===== Material shown

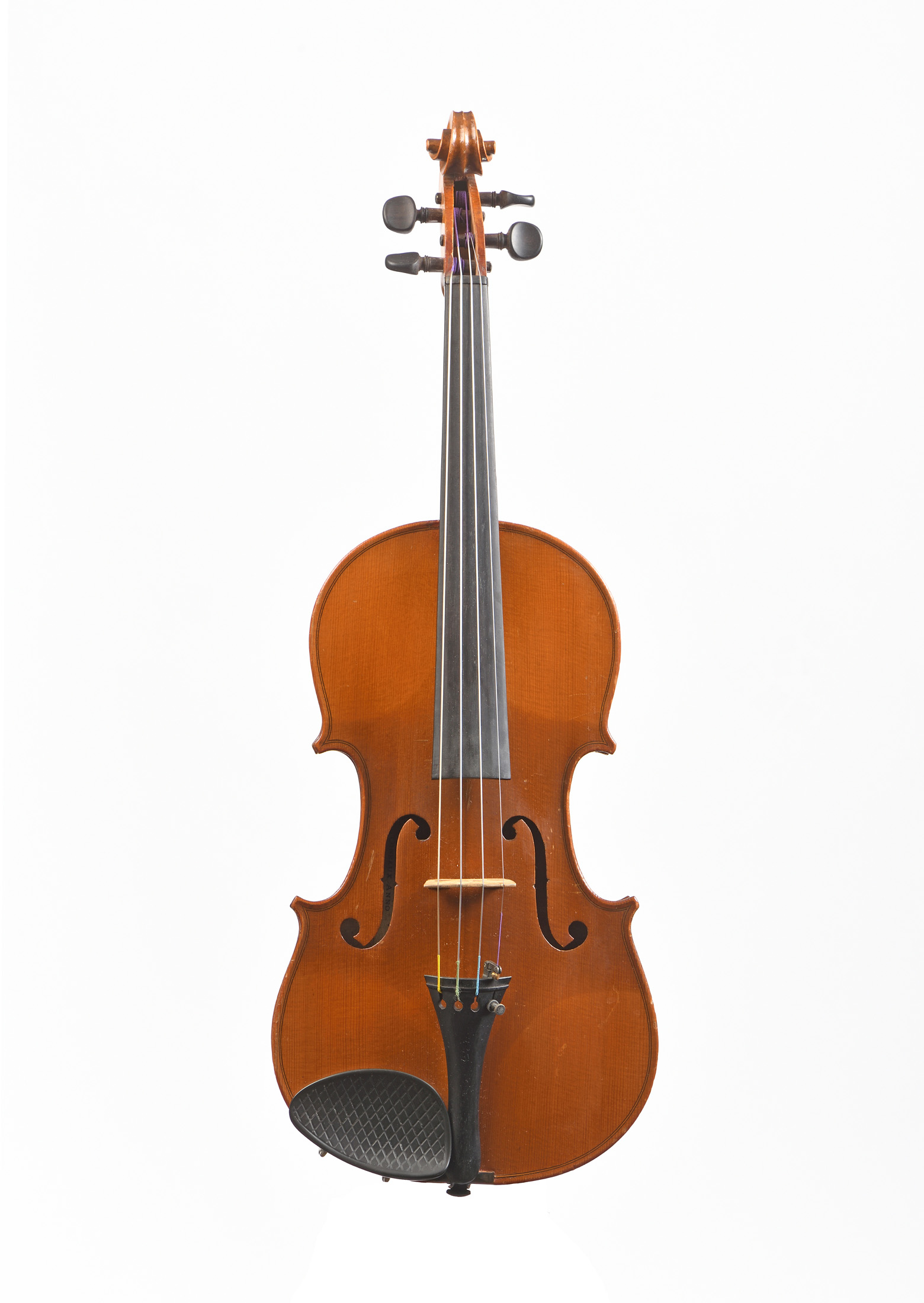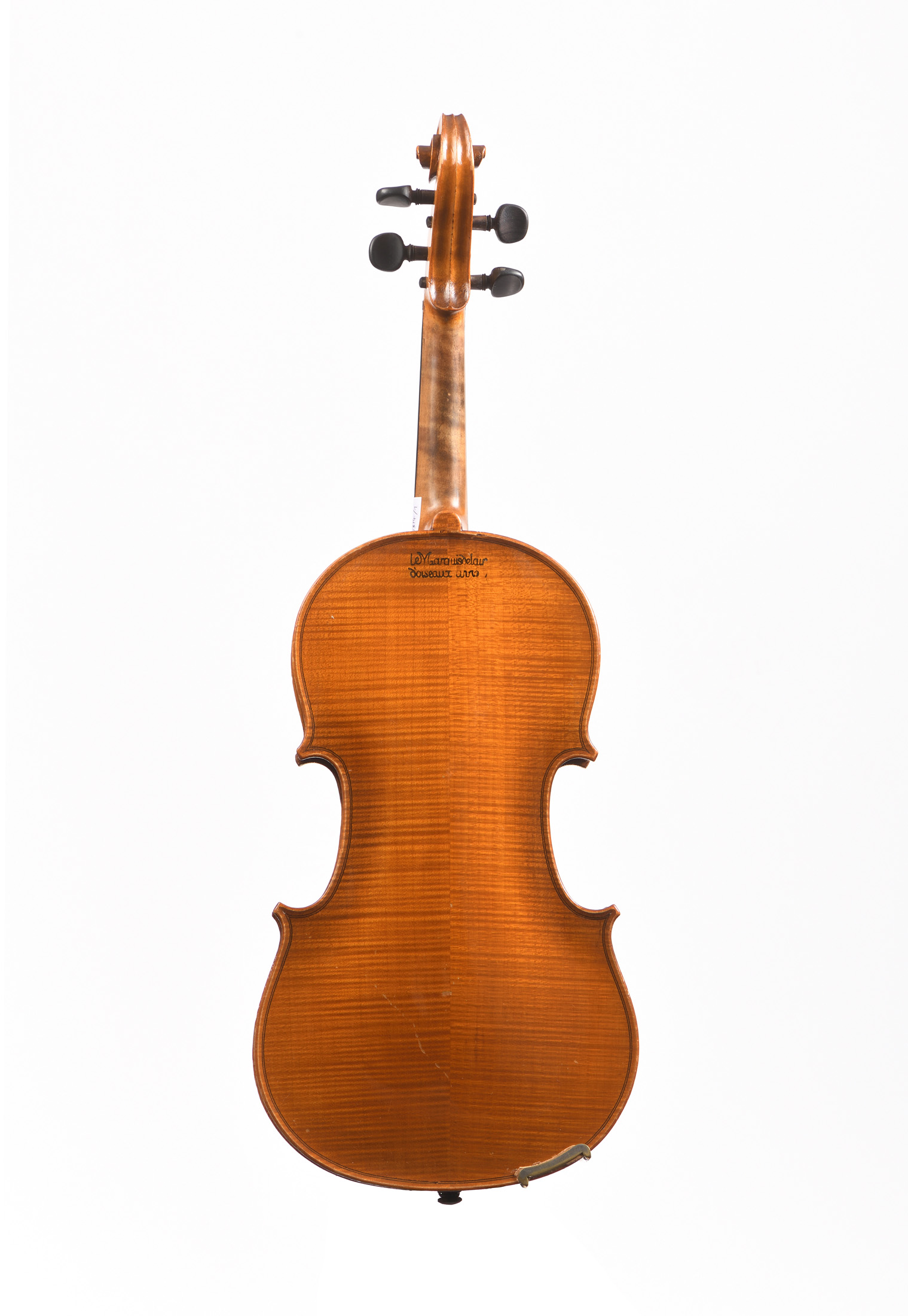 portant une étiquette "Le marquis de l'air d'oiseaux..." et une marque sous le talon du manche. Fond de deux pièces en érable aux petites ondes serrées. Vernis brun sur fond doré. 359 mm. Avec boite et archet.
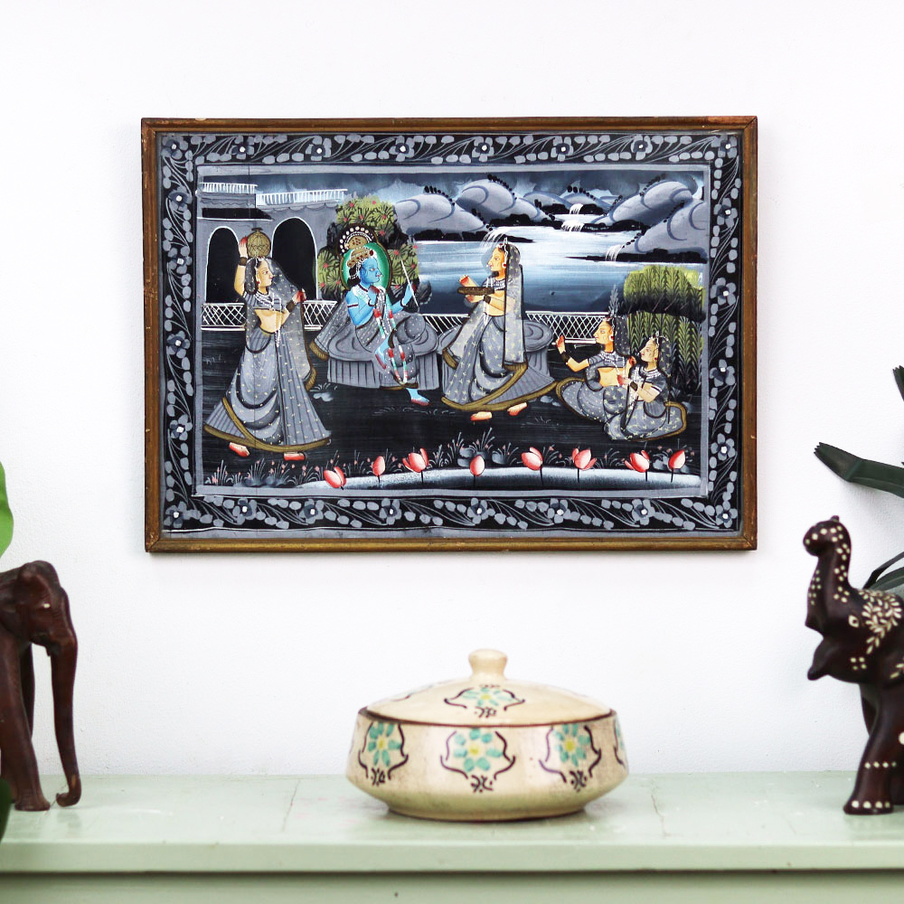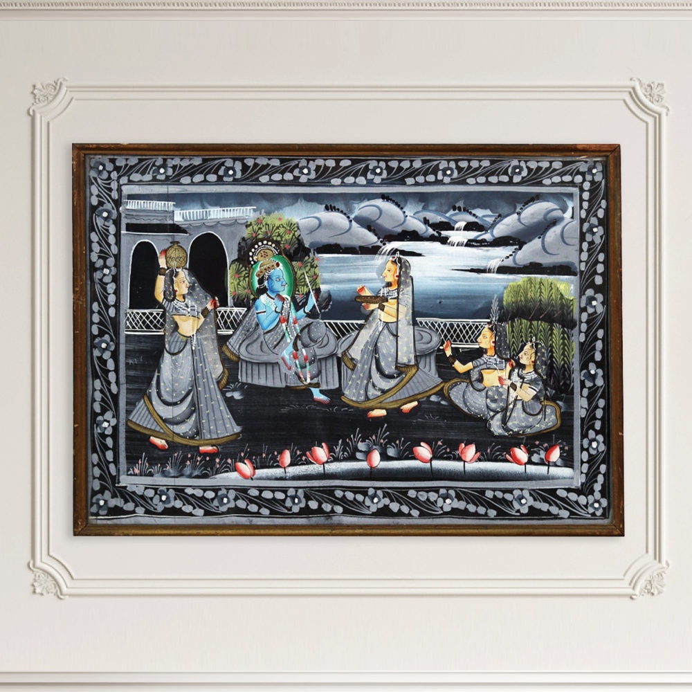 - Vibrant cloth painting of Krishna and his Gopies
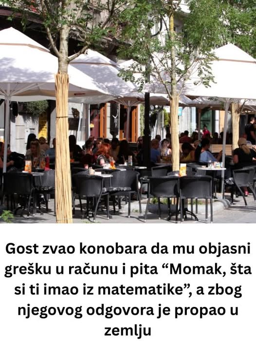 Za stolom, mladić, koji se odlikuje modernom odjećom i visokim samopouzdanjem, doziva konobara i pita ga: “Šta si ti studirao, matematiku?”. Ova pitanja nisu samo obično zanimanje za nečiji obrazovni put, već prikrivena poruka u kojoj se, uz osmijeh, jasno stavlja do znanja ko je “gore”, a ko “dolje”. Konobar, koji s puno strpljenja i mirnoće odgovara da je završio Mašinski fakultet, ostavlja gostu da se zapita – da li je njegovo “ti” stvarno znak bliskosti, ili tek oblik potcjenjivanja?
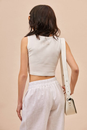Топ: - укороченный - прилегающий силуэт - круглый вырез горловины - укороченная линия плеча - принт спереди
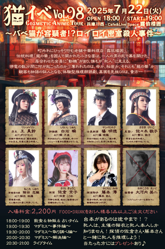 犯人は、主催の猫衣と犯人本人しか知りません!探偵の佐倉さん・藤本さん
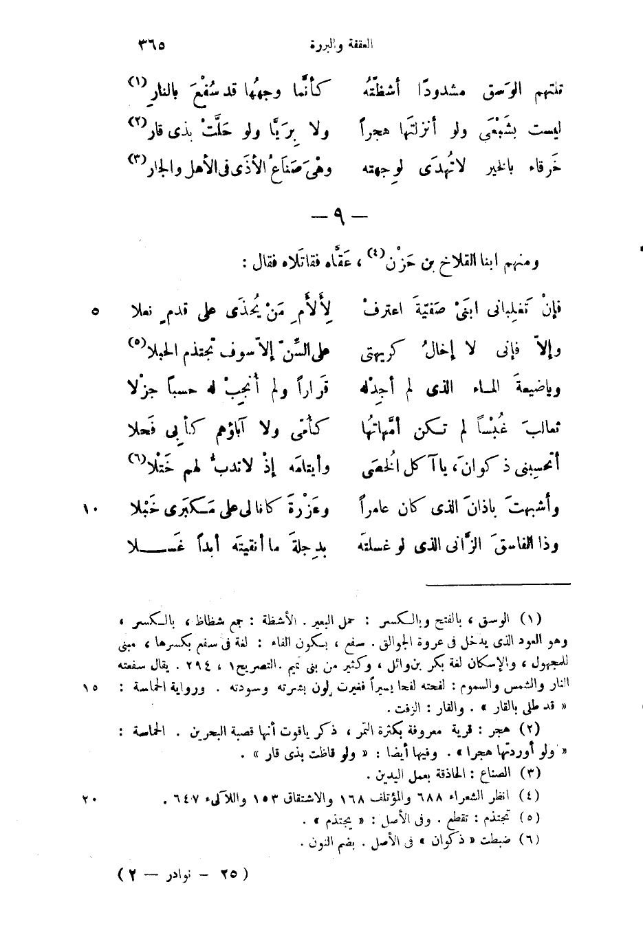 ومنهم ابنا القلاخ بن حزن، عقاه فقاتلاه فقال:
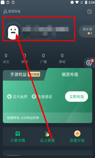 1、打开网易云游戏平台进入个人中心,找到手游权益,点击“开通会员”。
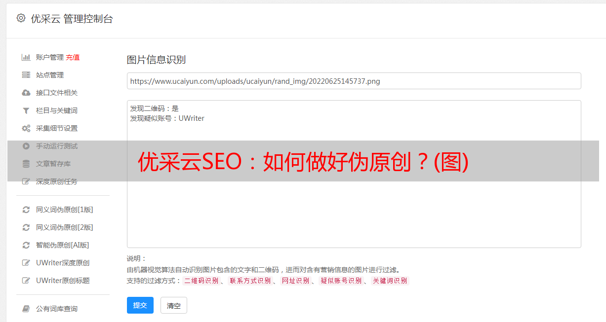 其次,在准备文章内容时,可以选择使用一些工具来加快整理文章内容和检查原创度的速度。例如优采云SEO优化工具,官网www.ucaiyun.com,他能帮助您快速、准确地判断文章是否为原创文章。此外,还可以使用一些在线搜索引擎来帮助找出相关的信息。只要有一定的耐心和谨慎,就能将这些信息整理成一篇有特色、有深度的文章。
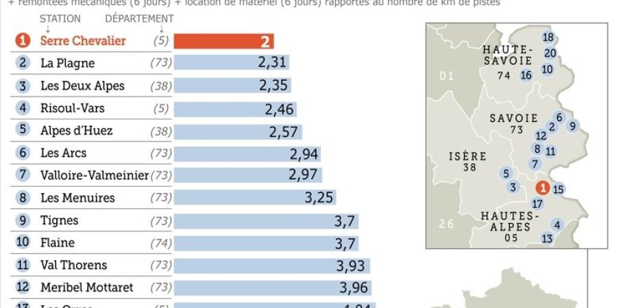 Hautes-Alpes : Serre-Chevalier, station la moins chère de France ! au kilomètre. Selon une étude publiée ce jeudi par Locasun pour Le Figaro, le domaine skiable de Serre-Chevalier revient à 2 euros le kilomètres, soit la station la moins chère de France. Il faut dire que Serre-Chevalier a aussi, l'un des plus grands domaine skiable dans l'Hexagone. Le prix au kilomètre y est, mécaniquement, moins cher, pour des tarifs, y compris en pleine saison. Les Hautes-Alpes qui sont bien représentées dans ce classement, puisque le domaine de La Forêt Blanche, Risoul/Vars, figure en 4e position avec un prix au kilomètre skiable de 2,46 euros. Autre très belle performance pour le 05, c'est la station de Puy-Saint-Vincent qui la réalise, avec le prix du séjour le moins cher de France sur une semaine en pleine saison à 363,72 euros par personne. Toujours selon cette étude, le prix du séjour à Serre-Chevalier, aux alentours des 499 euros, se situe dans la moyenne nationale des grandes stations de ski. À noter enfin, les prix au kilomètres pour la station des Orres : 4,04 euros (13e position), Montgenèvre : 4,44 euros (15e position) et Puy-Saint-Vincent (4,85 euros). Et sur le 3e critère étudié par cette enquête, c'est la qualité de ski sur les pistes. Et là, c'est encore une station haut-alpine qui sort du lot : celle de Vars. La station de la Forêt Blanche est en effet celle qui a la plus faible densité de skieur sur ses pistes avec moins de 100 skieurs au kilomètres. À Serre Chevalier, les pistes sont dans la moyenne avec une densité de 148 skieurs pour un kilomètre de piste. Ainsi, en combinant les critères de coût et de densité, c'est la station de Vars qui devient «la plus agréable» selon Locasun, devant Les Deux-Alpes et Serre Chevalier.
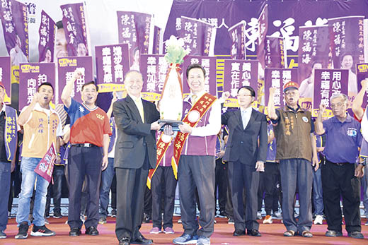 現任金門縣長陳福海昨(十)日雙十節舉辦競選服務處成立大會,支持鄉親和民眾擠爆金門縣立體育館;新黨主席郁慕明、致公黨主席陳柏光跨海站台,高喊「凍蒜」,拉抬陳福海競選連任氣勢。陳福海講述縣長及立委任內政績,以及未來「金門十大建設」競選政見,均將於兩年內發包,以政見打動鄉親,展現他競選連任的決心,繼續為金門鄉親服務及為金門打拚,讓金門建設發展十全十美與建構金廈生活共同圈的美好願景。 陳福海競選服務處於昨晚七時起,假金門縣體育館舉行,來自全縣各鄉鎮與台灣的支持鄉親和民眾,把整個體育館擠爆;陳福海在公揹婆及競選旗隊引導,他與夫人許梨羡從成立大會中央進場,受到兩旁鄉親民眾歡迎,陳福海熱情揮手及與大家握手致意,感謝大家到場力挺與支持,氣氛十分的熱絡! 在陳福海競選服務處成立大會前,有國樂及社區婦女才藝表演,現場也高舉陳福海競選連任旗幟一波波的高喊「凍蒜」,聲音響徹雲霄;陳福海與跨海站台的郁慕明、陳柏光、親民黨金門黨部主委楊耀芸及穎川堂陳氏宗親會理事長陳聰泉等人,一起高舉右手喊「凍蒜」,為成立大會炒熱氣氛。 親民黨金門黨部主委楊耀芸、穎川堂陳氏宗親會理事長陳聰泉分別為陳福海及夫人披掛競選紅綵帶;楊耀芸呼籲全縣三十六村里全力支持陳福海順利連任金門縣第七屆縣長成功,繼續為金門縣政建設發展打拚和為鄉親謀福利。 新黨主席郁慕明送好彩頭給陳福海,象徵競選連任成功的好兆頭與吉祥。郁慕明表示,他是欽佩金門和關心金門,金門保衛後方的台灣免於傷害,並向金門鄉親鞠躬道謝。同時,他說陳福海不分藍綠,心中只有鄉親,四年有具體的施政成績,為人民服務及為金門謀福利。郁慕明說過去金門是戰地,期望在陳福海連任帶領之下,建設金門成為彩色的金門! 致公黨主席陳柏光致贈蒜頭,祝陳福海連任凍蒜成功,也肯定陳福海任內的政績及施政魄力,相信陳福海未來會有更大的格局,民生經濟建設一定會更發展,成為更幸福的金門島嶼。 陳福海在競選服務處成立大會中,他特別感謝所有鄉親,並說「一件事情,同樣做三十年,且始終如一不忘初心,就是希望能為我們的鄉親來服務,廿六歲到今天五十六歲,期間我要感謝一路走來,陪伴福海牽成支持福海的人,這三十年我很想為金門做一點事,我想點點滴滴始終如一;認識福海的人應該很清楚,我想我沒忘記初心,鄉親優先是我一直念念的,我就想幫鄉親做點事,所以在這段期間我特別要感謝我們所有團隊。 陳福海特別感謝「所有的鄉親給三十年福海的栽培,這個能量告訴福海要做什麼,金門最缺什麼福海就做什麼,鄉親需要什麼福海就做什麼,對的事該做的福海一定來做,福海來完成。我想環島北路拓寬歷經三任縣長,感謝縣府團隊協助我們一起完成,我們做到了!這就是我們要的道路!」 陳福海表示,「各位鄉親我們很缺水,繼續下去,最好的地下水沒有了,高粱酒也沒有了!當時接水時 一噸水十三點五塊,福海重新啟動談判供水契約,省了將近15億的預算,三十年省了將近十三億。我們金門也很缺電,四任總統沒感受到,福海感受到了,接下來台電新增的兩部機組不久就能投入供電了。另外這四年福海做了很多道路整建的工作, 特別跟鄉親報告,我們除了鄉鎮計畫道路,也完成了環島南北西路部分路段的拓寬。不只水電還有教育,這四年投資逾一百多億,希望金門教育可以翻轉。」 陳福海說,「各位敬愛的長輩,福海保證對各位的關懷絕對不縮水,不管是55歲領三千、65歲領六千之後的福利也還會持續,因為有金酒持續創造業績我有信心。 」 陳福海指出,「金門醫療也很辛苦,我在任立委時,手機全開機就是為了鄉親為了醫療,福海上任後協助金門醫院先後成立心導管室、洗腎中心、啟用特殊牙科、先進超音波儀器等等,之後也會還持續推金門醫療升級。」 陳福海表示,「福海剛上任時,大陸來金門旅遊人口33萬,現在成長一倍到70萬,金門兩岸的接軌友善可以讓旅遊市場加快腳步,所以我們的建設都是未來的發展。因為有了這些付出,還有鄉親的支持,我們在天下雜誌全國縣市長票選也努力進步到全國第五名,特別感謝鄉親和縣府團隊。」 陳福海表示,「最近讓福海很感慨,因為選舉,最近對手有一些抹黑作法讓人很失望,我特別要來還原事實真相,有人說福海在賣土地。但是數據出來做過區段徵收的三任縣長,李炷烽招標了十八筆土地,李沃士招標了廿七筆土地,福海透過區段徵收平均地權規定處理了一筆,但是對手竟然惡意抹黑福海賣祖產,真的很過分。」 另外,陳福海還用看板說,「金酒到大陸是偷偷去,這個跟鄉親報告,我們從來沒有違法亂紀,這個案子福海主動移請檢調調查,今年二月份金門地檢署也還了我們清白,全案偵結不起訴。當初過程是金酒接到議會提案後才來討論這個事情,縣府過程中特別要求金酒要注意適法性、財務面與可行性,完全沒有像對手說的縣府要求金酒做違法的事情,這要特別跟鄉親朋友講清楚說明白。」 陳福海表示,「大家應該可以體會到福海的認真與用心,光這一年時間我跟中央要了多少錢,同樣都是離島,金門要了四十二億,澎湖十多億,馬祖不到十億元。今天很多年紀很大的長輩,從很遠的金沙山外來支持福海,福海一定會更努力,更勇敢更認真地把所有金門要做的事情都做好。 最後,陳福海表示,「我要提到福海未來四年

==========

* The problem *
Pictures aside, return exactly the lines from the data above, starting at the line that has "ومنهم ابنا القلاخ" and ending at the line that has "其次,在准备文章内容时,可以", both included.

* Solution to the problem *
 ومنهم ابنا القلاخ بن حزن، عقاه فقاتلاه فقال:
 1、打开网易云游戏平台进入个人中心,找到手游权益,点击“开通会员”。
 其次,在准备文章内容时,可以选择使用一些工具来加快整理文章内容和检查原创度的速度。例如优采云SEO优化工具,官网www.ucaiyun.com,他能帮助您快速、准确地判断文章是否为原创文章。此外,还可以使用一些在线搜索引擎来帮助找出相关的信息。只要有一定的耐心和谨慎,就能将这些信息整理成一篇有特色、有深度的文章。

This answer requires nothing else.